I was also wondering about chips not evacuating? I have the option of drilling a .94 hole first from the other end giving chips a place to go.
I just dont see good things happening when that spade drill breaks into the .94 hole.

After reading your replys I thinking go for it and may the chips be damned.
Thanks guys
 
Followup!!
So I finally got to this project Thanks for the info everyone.:cheers:DSCN1157.jpg


800 rpms 12 ipm 6.149 deep . no thru the spindle coolant.
Had to alter the width of the insert (1.406 to 1.395 dia) and .120 radius on the corners.

one shot ran fine ,I closed the doors glued my eyes to the spindle meter with my finger on the reset button.

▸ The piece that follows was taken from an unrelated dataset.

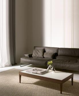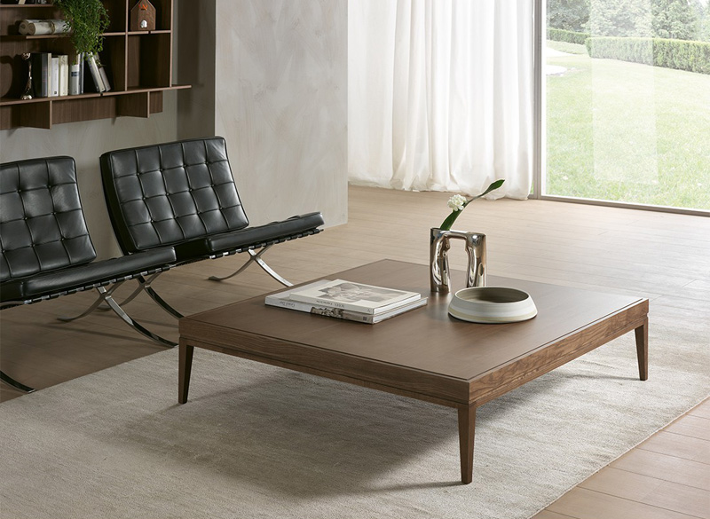 Barnaby est une table basse qui s'adapte à différents styles, des salons classiques aux salons modernes et contemporains. Sa structure en bois massif est disponible en version carrée ou rectangulaire, à associer au plateau classique en bois ou en verre laqué. Table basse de salon avec structure en frêne massif. Plateau en frêne plaqué ou en verre laqué (blanc extra clair, noir, moka ou boue).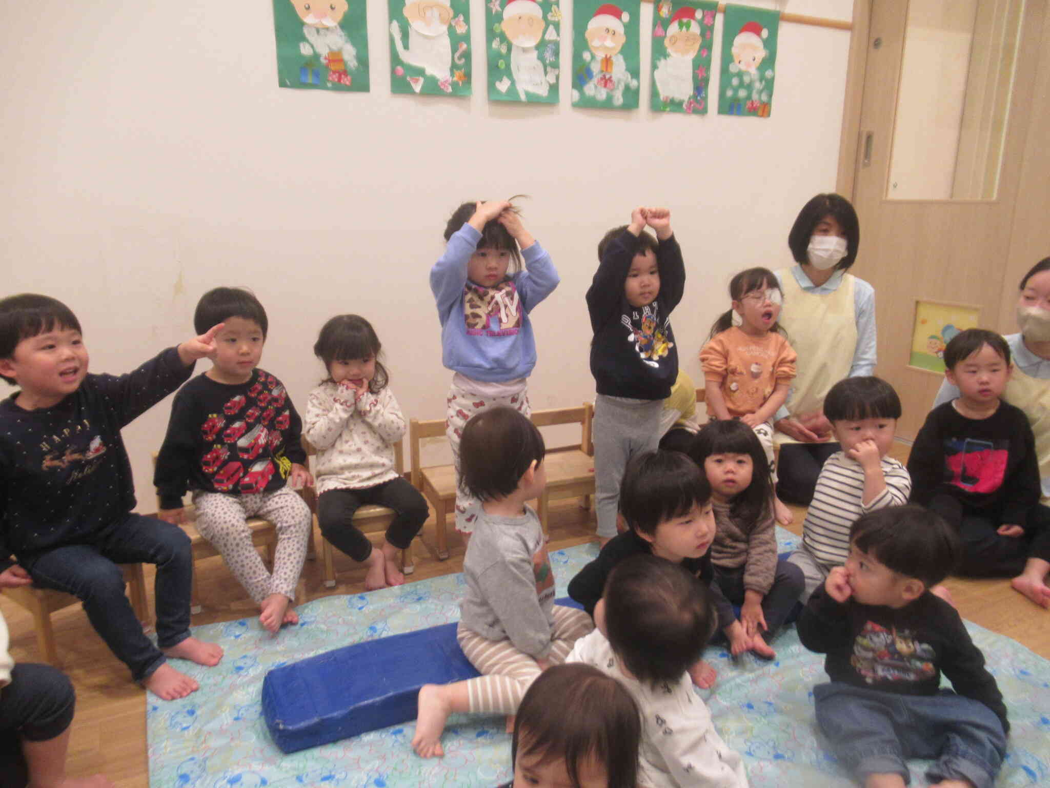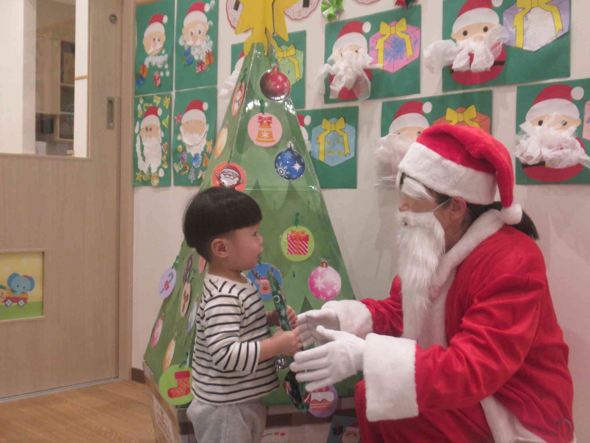 今日はクリスマス☆今年もサンタさんがみんなンプレゼントを持って保育園に来てくれました。

also used a boring cycle so the spindle shut off at the bottom of the hole after a .5 dwell (had to hold depth)

I experimented with a scrap block ...definitely cant peck or dwell a spade drill.

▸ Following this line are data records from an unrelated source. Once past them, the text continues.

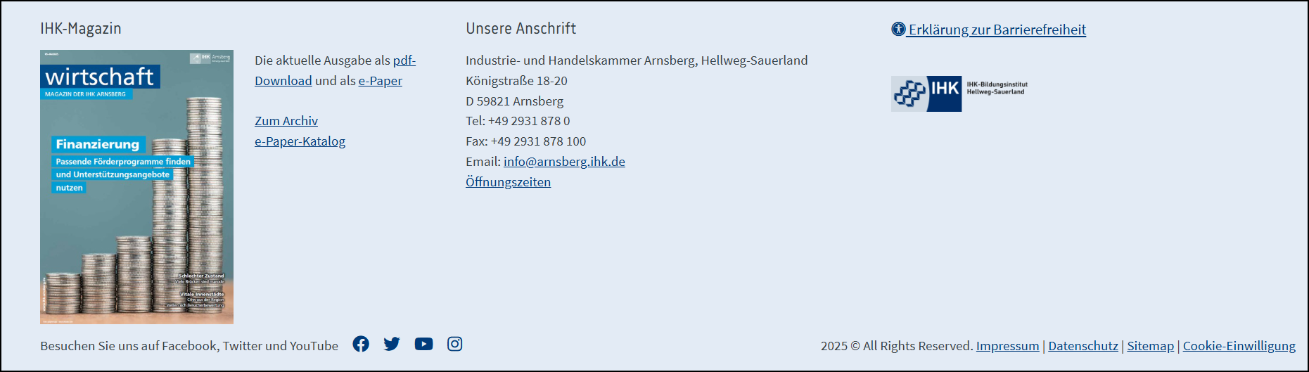 Oben links auf der Seite ist das Logo von der IHK Arnsberg.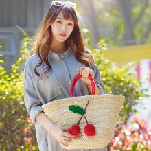 韩版新款手工编织草编包夏季女包手提包樱桃大容量沙滩包度假草包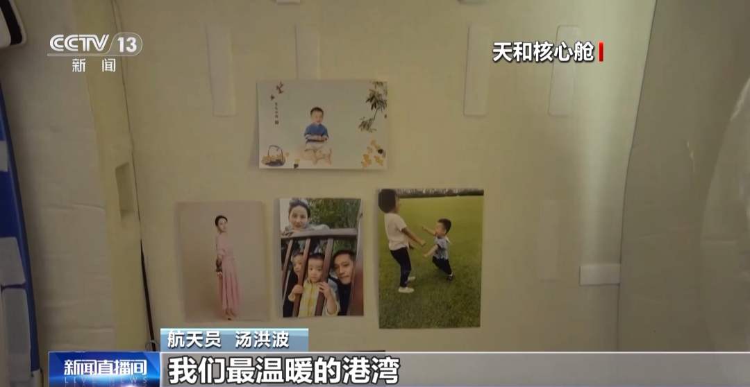 航天员 汤洪波:现在所处的位置是小柱段,就是我们睡觉的地方。这是舷窗,这是睡袋,这是江新林家人们的照片。忙碌一天之余,家人的微笑永远是我们最温暖的港湾。

I also rounded the flutes to the .120 radius .Dont know if it made any difference ?
 
i have used spade drills with spot holes all different angles, pilot holes, and peck drilling mode on easily tens of thousands of holes without the slightest problems.
.
yes if you have a long spade drill it is normal to use slow rapids to help hole reentry. obviously a long spade drill sagging or bouncing around from coolant hitting it should not be slammed at high speed at a hole reentry during peck drilling. i drill plenty of deep holes over a foot deep with spade drills and the full peck getting chips out of the hole and coolant washing the spade drill is necessary or better on deeper holes
.
on long over 18" long twist drills it is common when after a shorter drill was used for the longer drill to be fed in the hole at 2" a minute at slow rpm to help hole reentry, then obviously feeds and speeds are increased once in to hole. sure a 18" long drill bouncing over 1/4" from coolant should not be slammed into a existing hole at high speeds.. thats does not mean peck drilling is not used millions of times a year without problems if done properly.
 
I have only used spade drills on screw machines and on them the spot drill would have a steeper drill tip angle for the following drill to follow. I would appreciate your thoughts on this.
Most of what I (think I) know on the subject is taken directly from the drill maker's literature. Most spade drill designs do not guide well on their lips, so it is preferable to use a shallow spot drill so the following spade drill will guide on its point. Ultimately, production is the proof, so if you've got a routine which works, then it works.